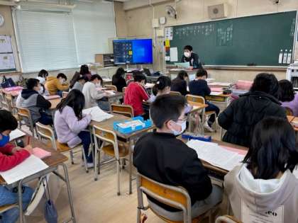 12月12日(月)1時間目、4年2組は国語でテストの答え合わせをして、注意すべき点を確認していました。
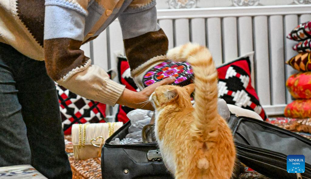 Airkir Duliki packs a hat that her mother made before leaving home in Xiabuzikla Village of Waqa County, Taxkorgan Tajik Autonomous County, northwest China's Xinjiang Uygur Autonomous Region, Jan. 3, 2025. (Xinhua/Chen Shuo)
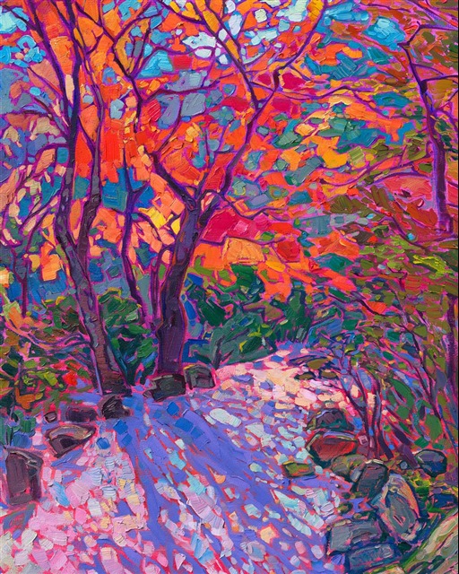 Erin Hanson's 3D Textured Replicas are almost indistinguishable from the original painting from a short distance away, capturing the texture of every brush stroke and weave of the canvas, as well as the vibrant colors of the original oil painting. These are the most realistic painting reproductions available with today's 3D scanning and printing technology.

_Problem description_. Retype all of the listing word for word and skip the pictures.

_Answer area_.
 12月12日(月)1時間目、4年2組は国語でテストの答え合わせをして、注意すべき点を確認していました。
 Airkir Duliki packs a hat that her mother made before leaving home in Xiabuzikla Village of Waqa County, Taxkorgan Tajik Autonomous County, northwest China's Xinjiang Uygur Autonomous Region, Jan. 3, 2025. (Xinhua/Chen Shuo)
 Erin Hanson's 3D Textured Replicas are almost indistinguishable from the original painting from a short distance away, capturing the texture of every brush stroke and weave of the canvas, as well as the vibrant colors of the original oil painting. These are the most realistic painting reproductions available with today's 3D scanning and printing technology.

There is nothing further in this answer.